Eleazar Rodriguez returns as Almaviva, more confident now than he seemed two years ago, and the top of the voice in splendid form.

The real newcomer to this production is Sarah Tynan as Rosina, though she is no stranger to ENO. Her sense of humour and the fluid coloratura made for a captivating performance throughout.

In the pit Hilary Griffiths was making his ENO debut, but the sparkle he achieved from the orchestra makes one hope he will return soon.

There must be a limit to how many more times this production will be revived but for the moment it does not seem to be anywhere near the end of its working life.

Merry Opera: Verdi Requiem

St James’s, Piccadilly and touring

It is often said that his Requiem is Verdi’s greatest opera and it certainly isn’t short of musical drama. So it’s an interesting idea for an opera company to “stage” it as opposed to singing it from the front in a choral group. Stage director John Ramster (who also directs the company’s well established staged Messiah) sends his performers all over the church busily acting out their individual dramas and chalking key words such as “light”, “guilt” and “sorry” on boards.

Accompaniment on organ by Richard Leach works pretty well although, of course, one misses the bass drum and the brass in Tuba Mirum.

The cast consists of eleven young opera singers plus bass, Matthew Quirk an ex-businessman who founded and runs Merry Opera Company. Each ensemble member has worked out his or her back story and each is, in some way, coming to terms with the inevitability (or imminence?) of death. Of course the audience isn’t privy to the details of these personal stories and what we see is a great deal of facial horror, awe, despair along with much gesturing, some of it quite neatly choreographed.

Much of this, especially the constant movement of people amongst and around the audience, is off-puttingly distracting, but there are two massive upsides which make this performance a pretty riveting experience.

First every single note sung by anyone is deliberately sung to someone else – another performer, an audience member or some sort of unseen presence. It means that there is far more passion and intensity in the singing than I have ever heard in a conventional concert performance. And it’s very much an ensemble piece because the solos and chorus parts are split among all 12 performers – that’s what you can do (musical director: Mark Austin – who conducts from a side aisle) if you have a complete team of accomplished solo-standard voices.

Second, because the singers are often dotted around the church in various configurations each audience member is inside the sound. When you can hear the tenor line in the Dies Irae being sung only a few feet away from you or the alto part of the silky Lacrymosa from just along the pew you’re sitting in, you hear the music – however well you think you know it – from a completely fresh perspective.

Almost all the singers in this group are good – and it can’t be easy to keep everything together when your amorphous groupings are so disparate.
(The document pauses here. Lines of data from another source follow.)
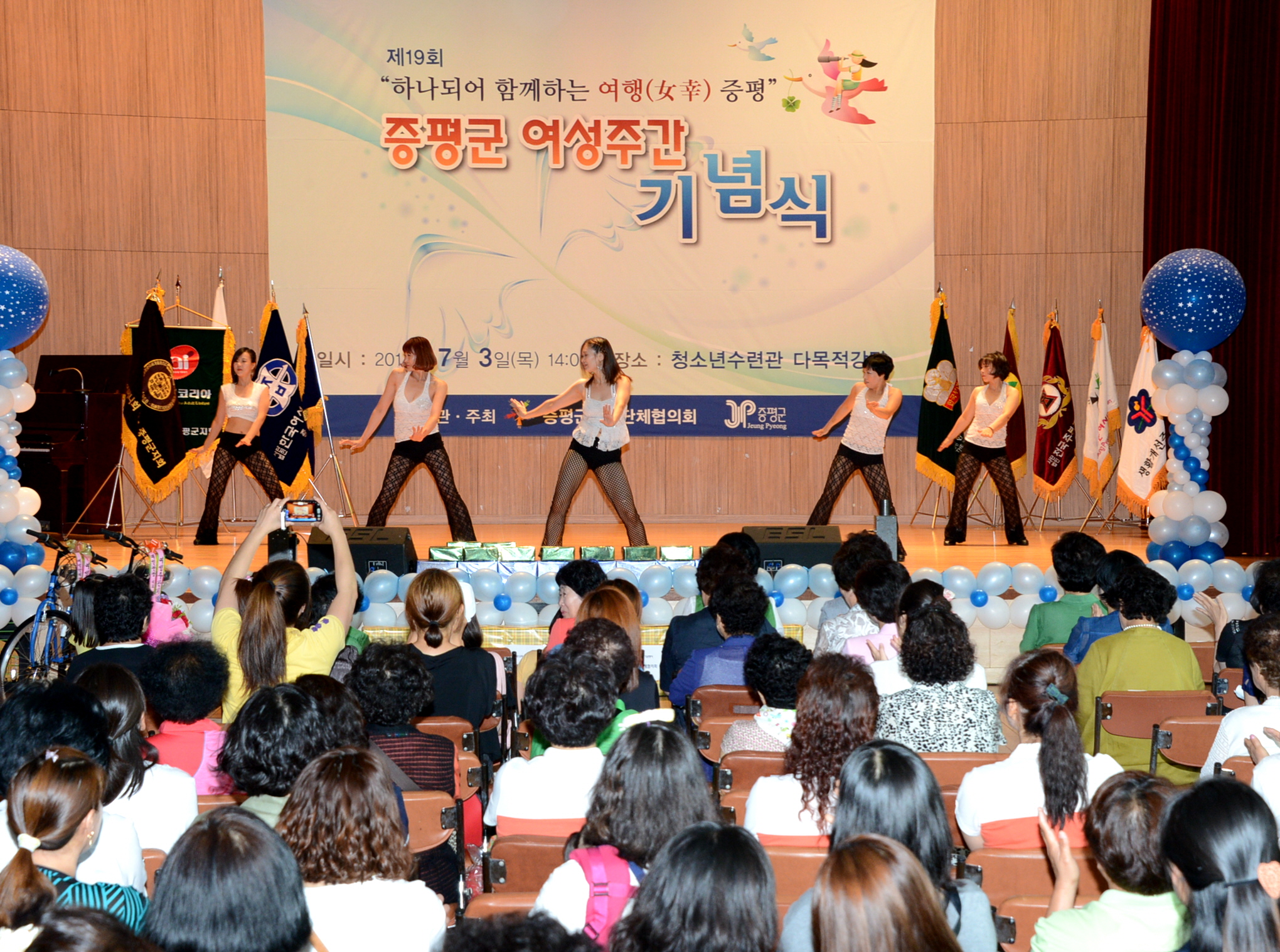증평군여성단체협의회(회장 강춘희)는 3일 증평군청소년수련관에서 제19회 여성주간을 맞아 ‘하나 되어 함께하는 여행(女幸) 증평’을 주제로 단체회원, 결혼이민여성, 지역주민 등 약 300여명이 참여한 가운데 기념행사를 가졌다. [보도자료실 참조]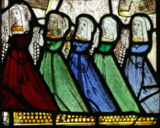 The design was intentionally kept simple so that it didn't detract from the beauty of the medieval painted and stained glass windows. The three colours used for the kneelers were the dominant colours in the windows. Red and green being Liturgical colours and blue representing the Madonna. The kneelers in the Chapel of All Souls reflect the three colours used plus the rich purple and gold of the Noah window. Green for the background accords with the Creation. A pair of kneelers in the Chancel were made for use at Confirmations, with the design of the ascending Dove representing the Holy Spirit. The initials on the kneelers signify either the worker, or in some cases the person in whose memory it was given.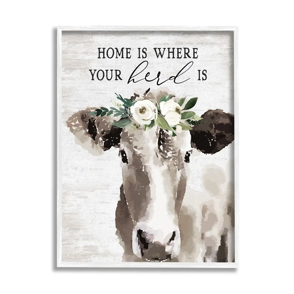 Stupell Home's Where Your Herd Is Boho Floral Cow Framed Wall Art - 11 X 14 - White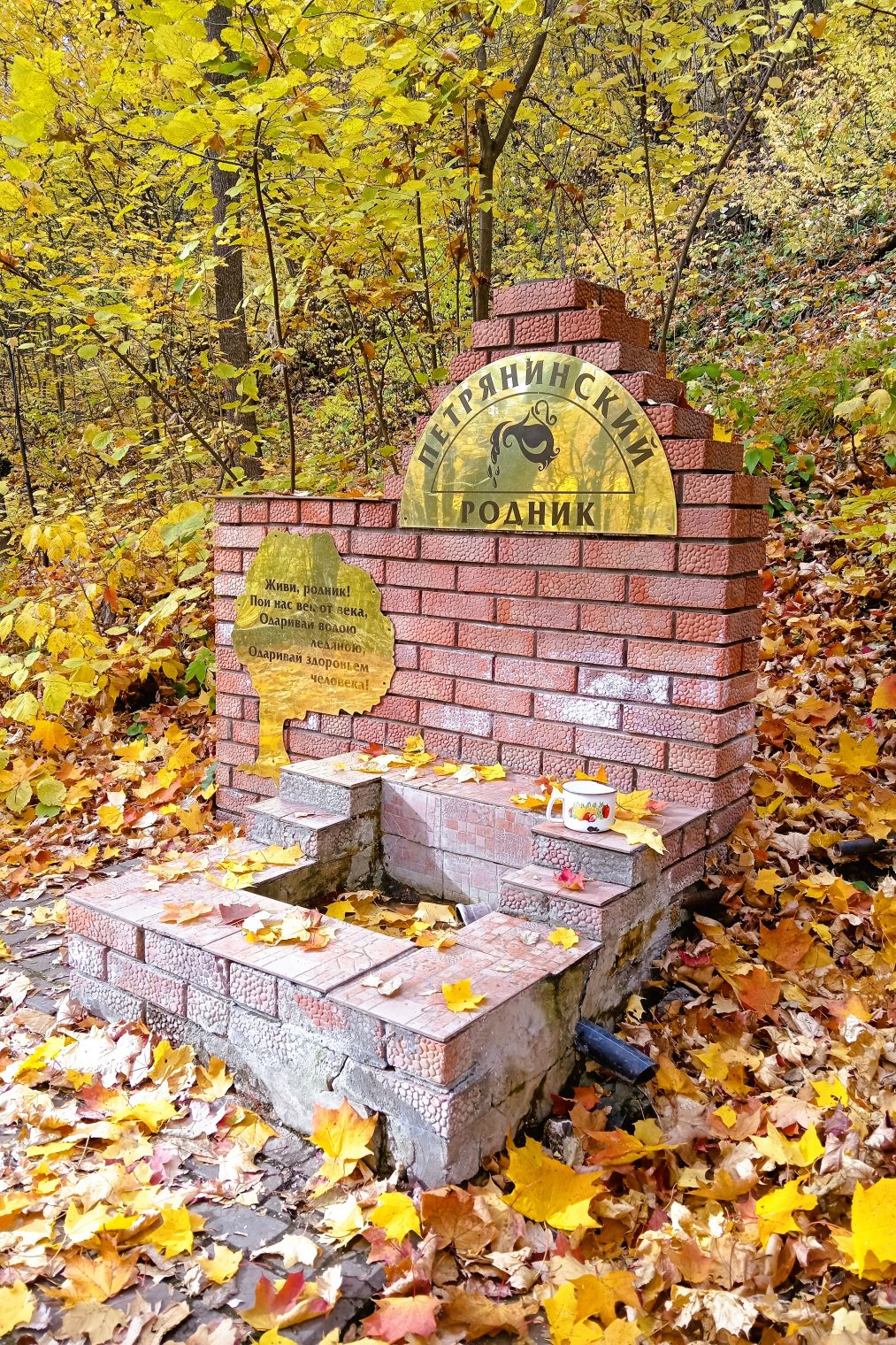 Примерно на середине пути располагается родник и крытая зона для отдыха. Здесь можно посидеть на лавочках и попить родниковой воды.

There is especially fine work from Laura Wolk-Lewanowicz who is an absolutely stonking soprano and from Emma Stannard who has a beautifully modulated mezzo voice.

It’s well worth catching:

Sat 7 October, University Church of St Mary, Oxford

Sat 14 October. St John the Baptist, Penshurst, Kent

Thurs 19 October, St James’s Piccadilly

Sat 21 October, St Peter’s, Broadstairs, Kent

Sun 29 October, Our Lady of the Star of the Sea, Lowestoft.